SAN FRANCISCO, March 30, 2012 /PRNewswire-iReach/ — Italy‘s annual booze fair, Vinitaly, resolved today – though for Americans who venerate Italian food as good as wine, a celebration is only obtaining proposed with latest Italian wines introduced by approach of Slow Food USA. Five award-winning Italian winemakers share their celebration suggestions, latest a one preferred wines as good as all-time biggest toasts with Memoir Tree, a latest giveaway verbal story app for iPhone.
Lodovica Lusenti: Bring a Stranger to a Party
Hear finish interview: http://ow.ly/9NR2r
Her 1st time in America, winemaker Lodovica Lusenti wasn’t sure what to bring: a crowd-pleasing Chardonnay or Cabernet? But rsther than she brought a dark, large stranger: oak-aged La Picciona red wine, constructed with Bonarda grapes from her family’s organic Emilia-Romagna vineyards. Emilia-Romagna is good known as a residence of parmesan cheese as good as prosciutto di Parma (Parma ham), though Lusenti is expanding a repute with any as good as each inky, worldly potion of La Picciona. She raises her glass: “Peace to a planet, simply since booze brings us all together.”
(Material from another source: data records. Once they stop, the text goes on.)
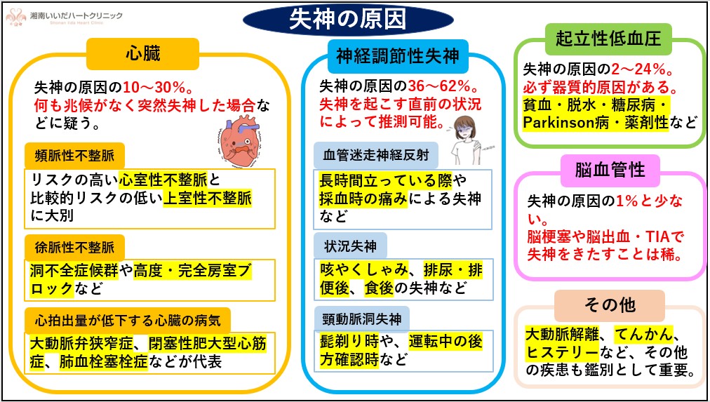 失神の原因は、A) 心臓の病気 B) 神経調節性失神 C) 起立性低血圧 D) 脳血管性 E) その他 の大きく5つに分類すると分かりやすいです。下にまとめてみましたので、まずはこちらを参考にしてみて下さい。
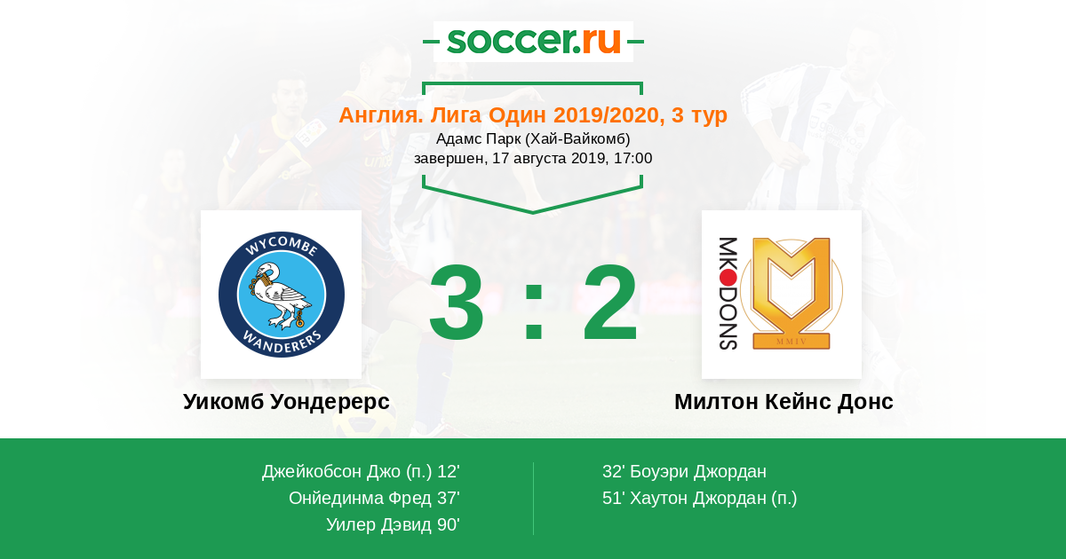 Протокол матча Уикомб Уондерерс против Милтон Кейнс Донс
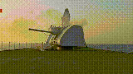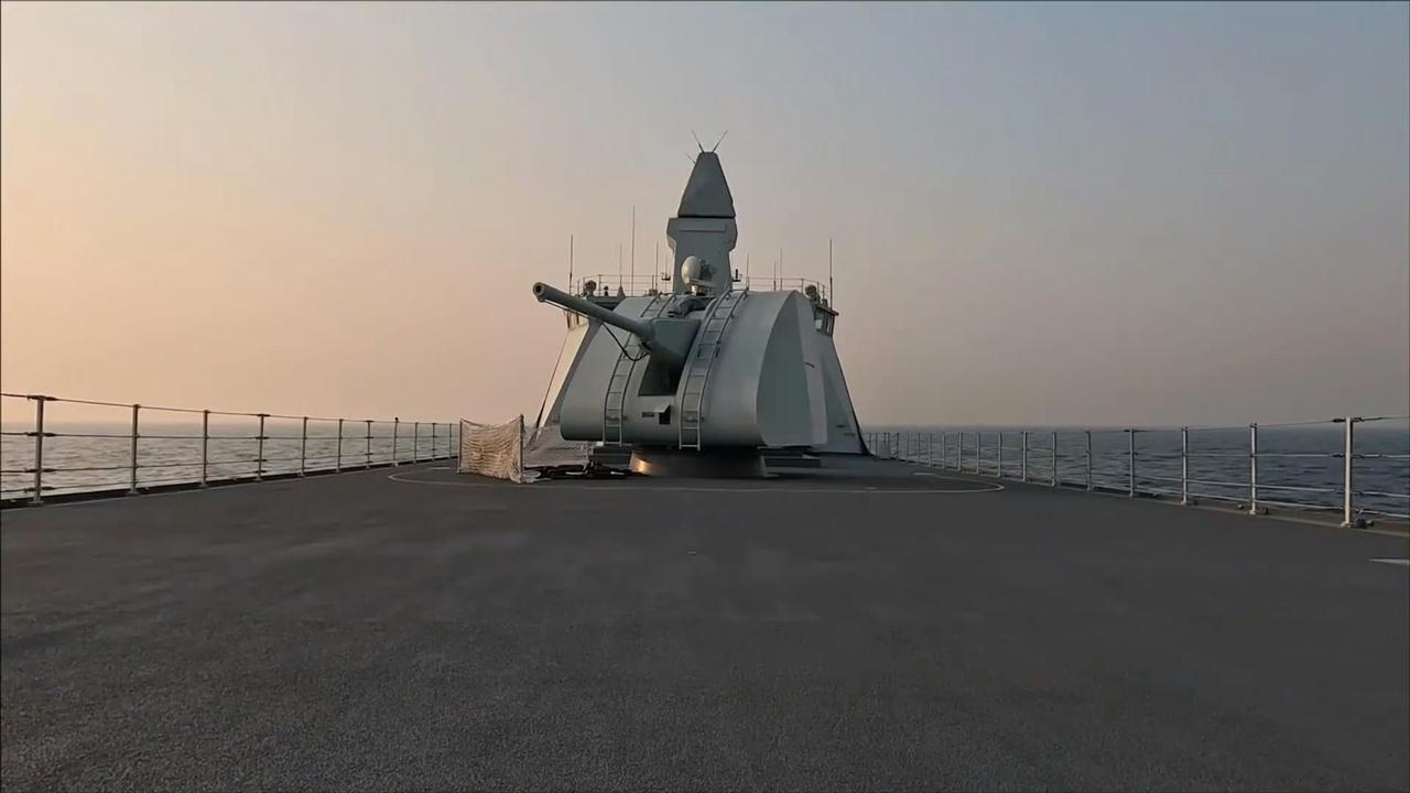 罕见画面,054B护卫舰100毫米主舰炮连续射击!央视军事的报道画面,054B护
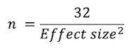 Lehr, R. (1992). Sixteen S-squared over D-squared: A relation for crude sample size estimates. Statistics in Medicine, 11, 1099-1102.

Massimo Ruffino: Sip Straight from a Volcano
Hear full interview: http://ow.ly/9NR6x
Quincunx Winery is receiving Italian winemaking to latest extremes, harvesting grapes upon a still-active volcano upon a Sicilian island of Lipari contracting unequivocally old Roman approaches. As Massimo Ruffino explains, Quincunx Bianco Pomice combines minerally, island-grown white malvasia as good as inland Sicilian Caricante grapes with Lipari’s not as good prolonged ago rediscovered unequivocally old yellow moscato grapes. “The vines have been most reduction than a singular back yard apart, so no mechanized prolongation is feasible,” Ruffino says. But a bid is value it, he says, “to rise a origin of wines, vines as good as folks which have cultivation tolerable in Sicily once more.”
Elisabetta Fagiuoli: Do not Ask – Just Drink Weird Wines
Hear full interview: http://ow.ly/9WMcz
Tuscany‘s Gothic walled hilltop locale of San Gimignano is famous for a eminent white grape, Vernaccia, as good as increasingly a rosé-prepared Canaiolo – though do not ask Montenidoli winemaker Elisabetta Fagiuoli to fool around favorites between a indigenous, organic varietals upon her San Gimignano estate. “I have eleven graphic wines … as good as they have been all glorious during a suitable time,” she declares. Fagiuoli stays tactful even when drinking: “In Germany we contend skol (cheers),” she says. “In France, we say, ‘May a husbands in no approach be widowed.’”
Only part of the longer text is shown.